─── DATA FOR THIS EXERCISE
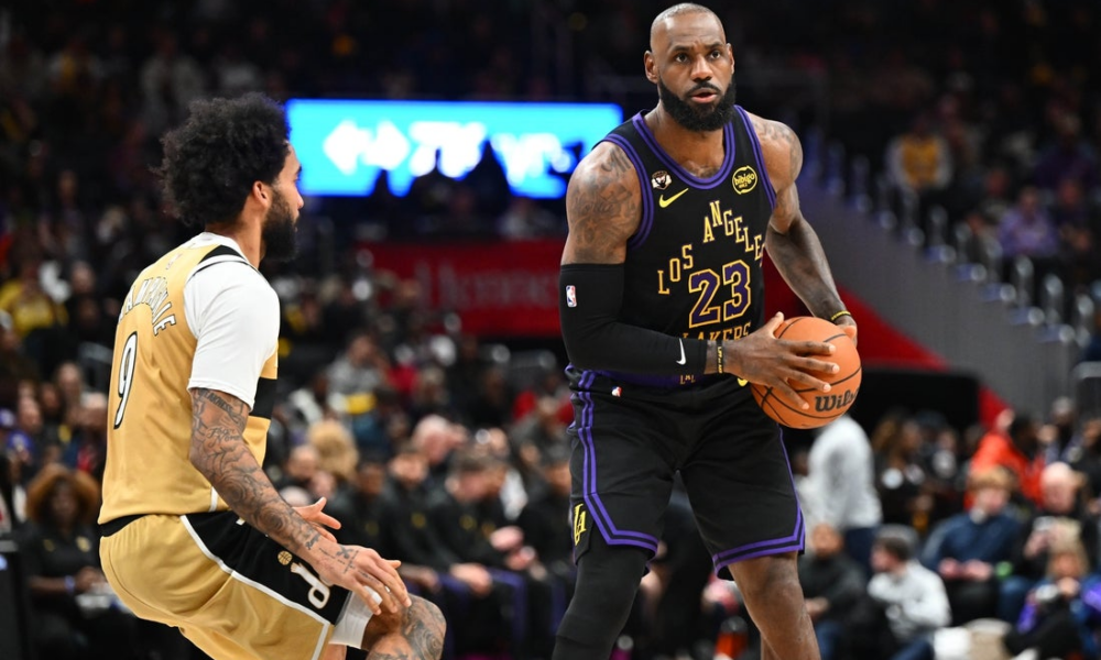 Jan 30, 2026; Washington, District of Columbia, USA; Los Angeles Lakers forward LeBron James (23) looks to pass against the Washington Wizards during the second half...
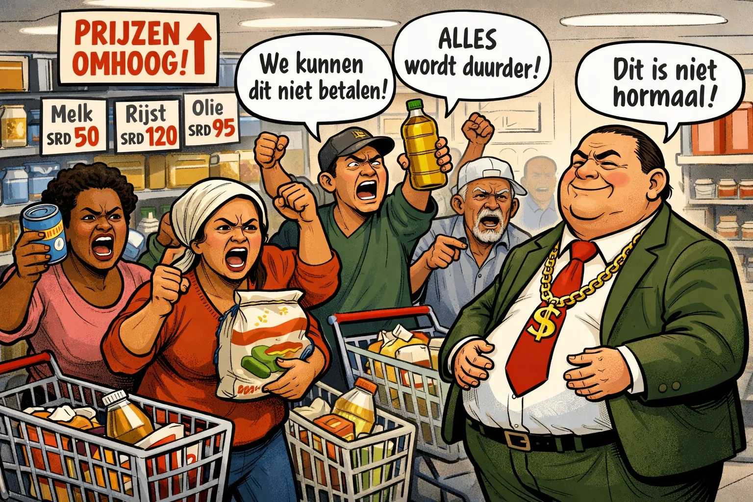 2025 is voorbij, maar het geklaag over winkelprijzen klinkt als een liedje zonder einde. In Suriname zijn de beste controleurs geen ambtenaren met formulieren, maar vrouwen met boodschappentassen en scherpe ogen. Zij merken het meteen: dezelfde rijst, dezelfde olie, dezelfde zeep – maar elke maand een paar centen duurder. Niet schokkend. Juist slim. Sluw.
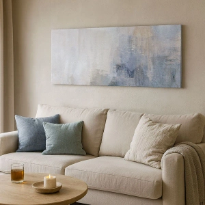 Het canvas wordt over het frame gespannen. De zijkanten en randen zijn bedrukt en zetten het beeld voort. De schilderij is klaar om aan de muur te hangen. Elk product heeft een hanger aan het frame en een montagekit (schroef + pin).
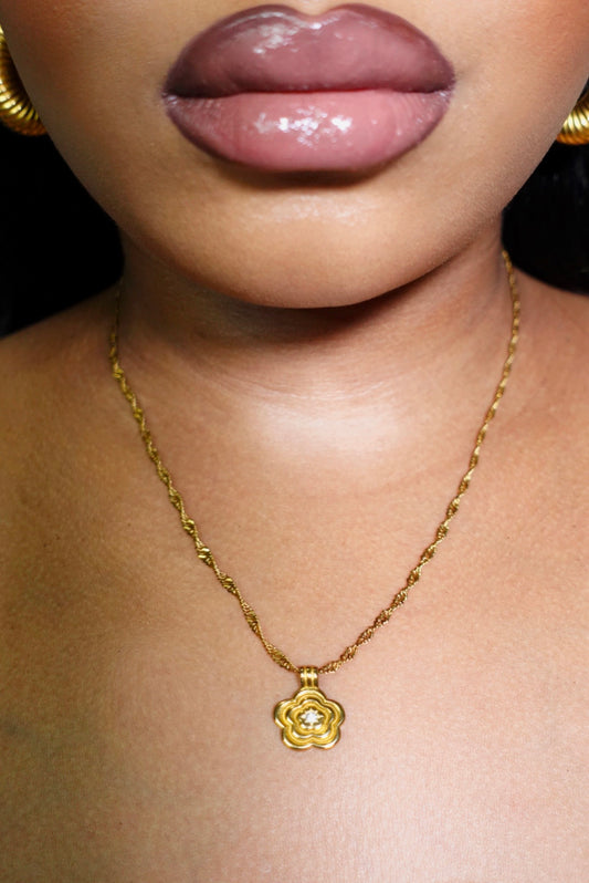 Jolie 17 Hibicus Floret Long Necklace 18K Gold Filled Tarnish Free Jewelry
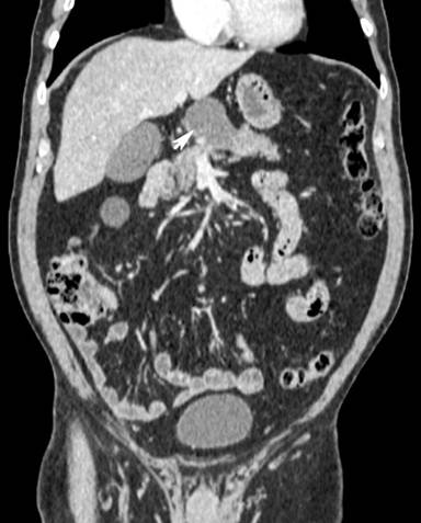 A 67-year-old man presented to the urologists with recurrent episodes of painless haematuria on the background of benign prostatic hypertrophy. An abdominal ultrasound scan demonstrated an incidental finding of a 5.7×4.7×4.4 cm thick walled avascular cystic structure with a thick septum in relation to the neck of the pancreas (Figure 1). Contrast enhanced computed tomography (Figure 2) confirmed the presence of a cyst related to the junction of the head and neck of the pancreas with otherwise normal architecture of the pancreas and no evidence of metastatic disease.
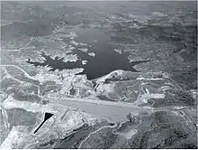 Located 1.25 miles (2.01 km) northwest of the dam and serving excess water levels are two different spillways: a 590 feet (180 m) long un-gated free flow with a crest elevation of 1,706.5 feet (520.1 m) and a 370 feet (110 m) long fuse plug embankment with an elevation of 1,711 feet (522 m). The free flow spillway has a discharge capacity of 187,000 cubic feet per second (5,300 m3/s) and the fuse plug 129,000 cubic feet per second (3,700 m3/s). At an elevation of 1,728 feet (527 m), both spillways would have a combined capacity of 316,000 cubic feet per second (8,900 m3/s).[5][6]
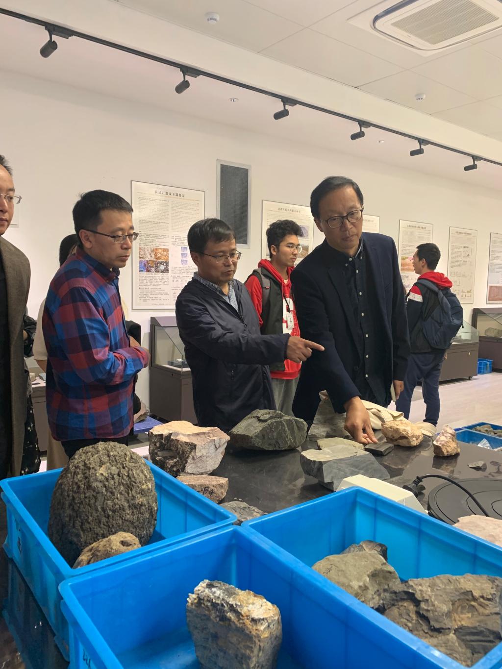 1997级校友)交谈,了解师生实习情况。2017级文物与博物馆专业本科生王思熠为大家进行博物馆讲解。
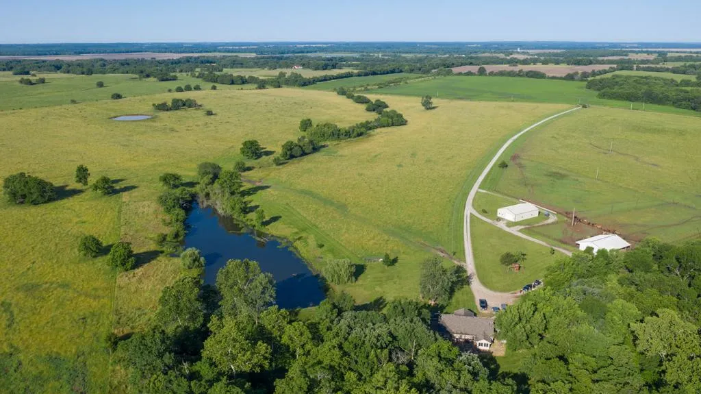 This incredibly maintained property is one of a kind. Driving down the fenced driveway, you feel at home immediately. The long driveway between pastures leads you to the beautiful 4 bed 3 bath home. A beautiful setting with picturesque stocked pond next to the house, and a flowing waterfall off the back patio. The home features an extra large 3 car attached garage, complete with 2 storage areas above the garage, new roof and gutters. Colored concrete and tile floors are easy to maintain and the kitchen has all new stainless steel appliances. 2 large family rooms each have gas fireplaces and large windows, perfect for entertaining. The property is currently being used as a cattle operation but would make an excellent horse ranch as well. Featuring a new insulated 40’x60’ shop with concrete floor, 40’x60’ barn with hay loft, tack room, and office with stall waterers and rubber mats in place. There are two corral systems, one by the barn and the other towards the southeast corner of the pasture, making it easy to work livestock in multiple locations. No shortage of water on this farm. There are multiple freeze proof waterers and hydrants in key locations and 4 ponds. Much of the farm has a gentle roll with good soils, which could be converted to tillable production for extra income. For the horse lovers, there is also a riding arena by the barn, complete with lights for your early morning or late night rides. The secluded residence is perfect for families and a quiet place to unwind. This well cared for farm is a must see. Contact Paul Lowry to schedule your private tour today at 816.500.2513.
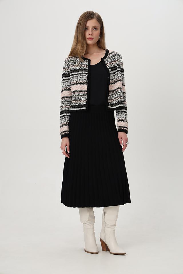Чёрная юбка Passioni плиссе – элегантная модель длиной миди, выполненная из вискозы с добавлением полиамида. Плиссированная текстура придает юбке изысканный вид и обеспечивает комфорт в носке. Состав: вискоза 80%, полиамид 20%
──────
─── DATA FOR THIS EXERCISE
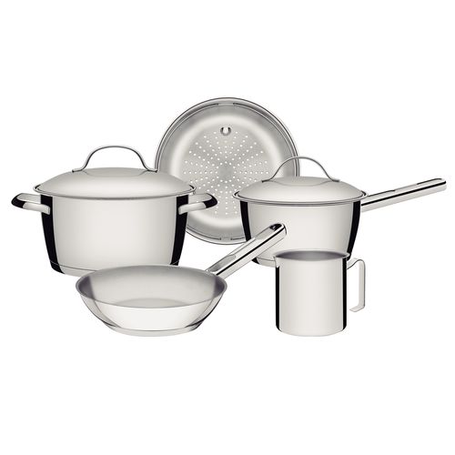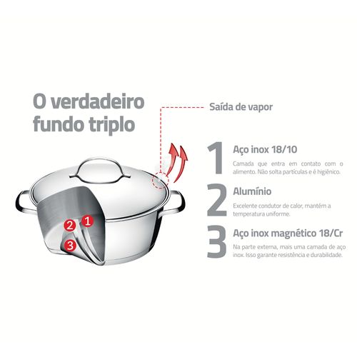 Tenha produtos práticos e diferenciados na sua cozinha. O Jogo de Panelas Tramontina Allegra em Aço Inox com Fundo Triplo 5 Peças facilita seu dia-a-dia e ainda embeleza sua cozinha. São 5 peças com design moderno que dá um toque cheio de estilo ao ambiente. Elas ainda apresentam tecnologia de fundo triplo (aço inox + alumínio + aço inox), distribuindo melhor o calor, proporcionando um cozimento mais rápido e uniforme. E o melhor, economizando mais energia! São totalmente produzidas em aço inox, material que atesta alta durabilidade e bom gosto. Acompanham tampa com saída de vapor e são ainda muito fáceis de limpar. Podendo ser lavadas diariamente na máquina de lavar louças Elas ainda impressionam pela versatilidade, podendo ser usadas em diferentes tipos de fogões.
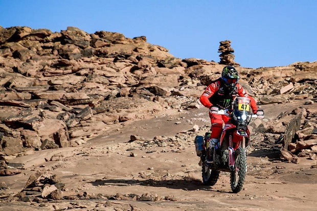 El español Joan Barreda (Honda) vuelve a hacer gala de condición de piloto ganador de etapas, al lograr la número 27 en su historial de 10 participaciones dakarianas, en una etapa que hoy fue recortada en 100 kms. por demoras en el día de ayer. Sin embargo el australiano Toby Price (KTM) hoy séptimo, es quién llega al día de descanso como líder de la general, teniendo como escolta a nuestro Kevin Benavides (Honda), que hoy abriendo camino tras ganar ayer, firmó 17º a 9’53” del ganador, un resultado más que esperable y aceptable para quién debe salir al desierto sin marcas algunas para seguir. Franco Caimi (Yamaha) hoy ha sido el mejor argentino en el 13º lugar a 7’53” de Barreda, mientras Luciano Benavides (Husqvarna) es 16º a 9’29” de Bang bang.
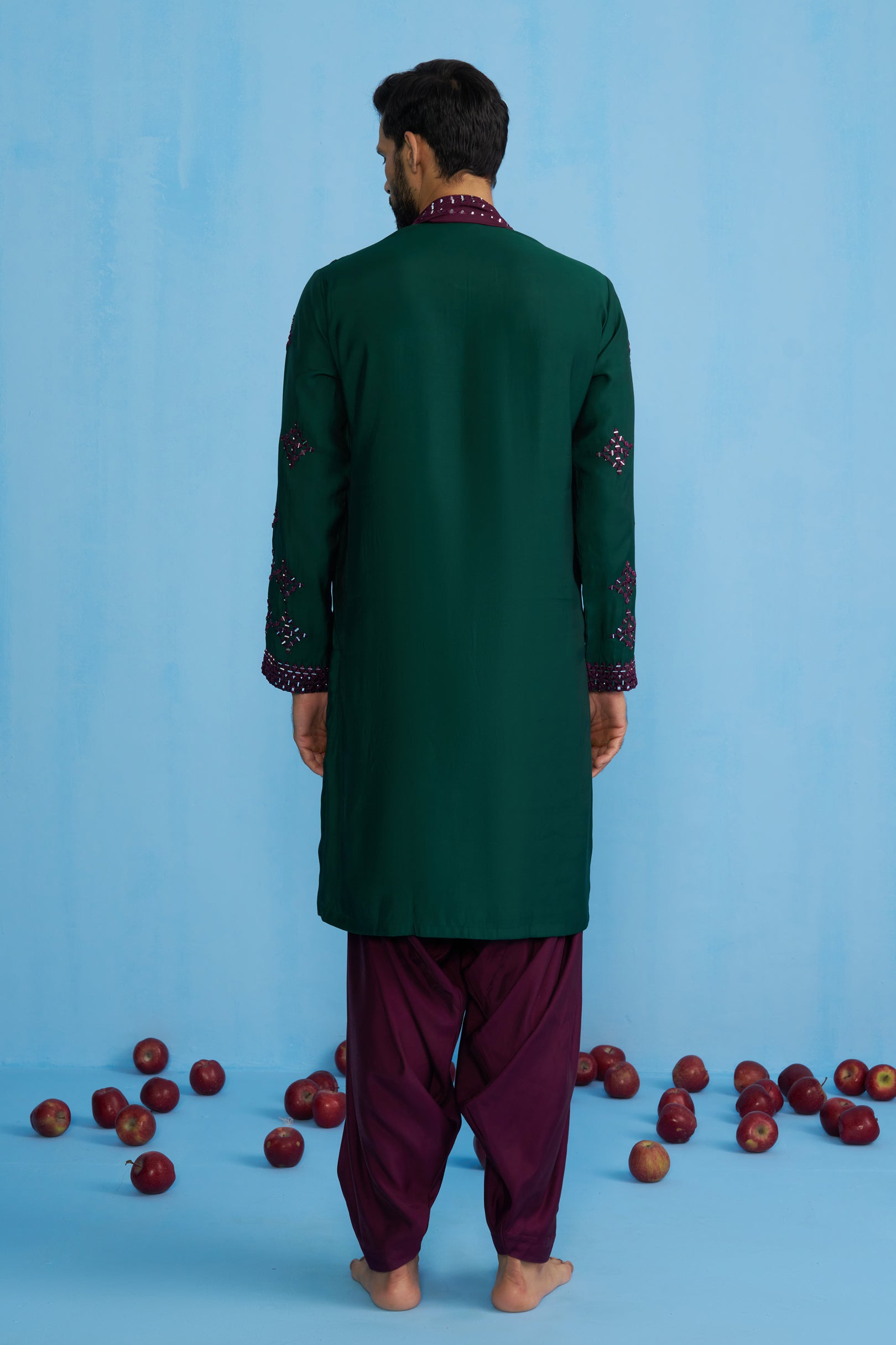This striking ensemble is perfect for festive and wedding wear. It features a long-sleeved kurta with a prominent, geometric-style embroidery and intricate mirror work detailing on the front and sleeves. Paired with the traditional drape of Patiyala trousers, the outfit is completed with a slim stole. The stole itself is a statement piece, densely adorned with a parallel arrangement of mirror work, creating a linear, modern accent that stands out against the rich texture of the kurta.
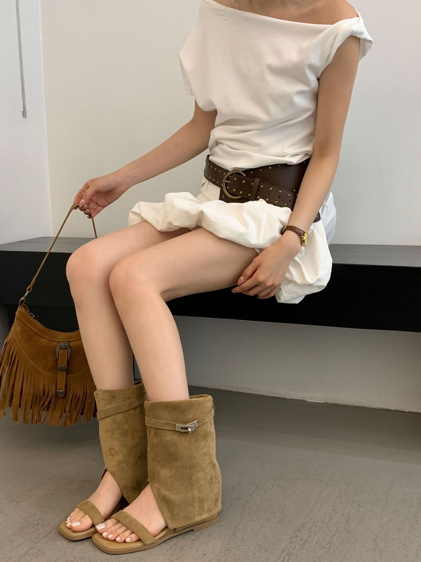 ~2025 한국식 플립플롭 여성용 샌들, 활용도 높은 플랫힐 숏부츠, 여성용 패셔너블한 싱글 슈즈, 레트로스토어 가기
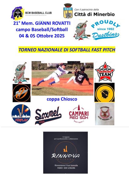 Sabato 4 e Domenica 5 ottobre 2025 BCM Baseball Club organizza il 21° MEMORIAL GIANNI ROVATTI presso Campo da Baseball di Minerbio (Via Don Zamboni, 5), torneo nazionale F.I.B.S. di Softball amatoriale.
──────
[ACTIVITY]:
Set down again, exactly, every line above from the one with "Jan 30, 2026;" down to the one with "A 67-year-old man", both ends included. No pictures, and nothing else.

[EXERCISE OUTPUT]:
 Jan 30, 2026; Washington, District of Columbia, USA; Los Angeles Lakers forward LeBron James (23) looks to pass against the Washington Wizards during the second half...
 2025 is voorbij, maar het geklaag over winkelprijzen klinkt als een liedje zonder einde. In Suriname zijn de beste controleurs geen ambtenaren met formulieren, maar vrouwen met boodschappentassen en scherpe ogen. Zij merken het meteen: dezelfde rijst, dezelfde olie, dezelfde zeep – maar elke maand een paar centen duurder. Niet schokkend. Juist slim. Sluw.
 Het canvas wordt over het frame gespannen. De zijkanten en randen zijn bedrukt en zetten het beeld voort. De schilderij is klaar om aan de muur te hangen. Elk product heeft een hanger aan het frame en een montagekit (schroef + pin).
 Jolie 17 Hibicus Floret Long Necklace 18K Gold Filled Tarnish Free Jewelry
 A 67-year-old man presented to the urologists with recurrent episodes of painless haematuria on the background of benign prostatic hypertrophy. An abdominal ultrasound scan demonstrated an incidental finding of a 5.7×4.7×4.4 cm thick walled avascular cystic structure with a thick septum in relation to the neck of the pancreas (Figure 1). Contrast enhanced computed tomography (Figure 2) confirmed the presence of a cyst related to the junction of the head and neck of the pancreas with otherwise normal architecture of the pancreas and no evidence of metastatic disease.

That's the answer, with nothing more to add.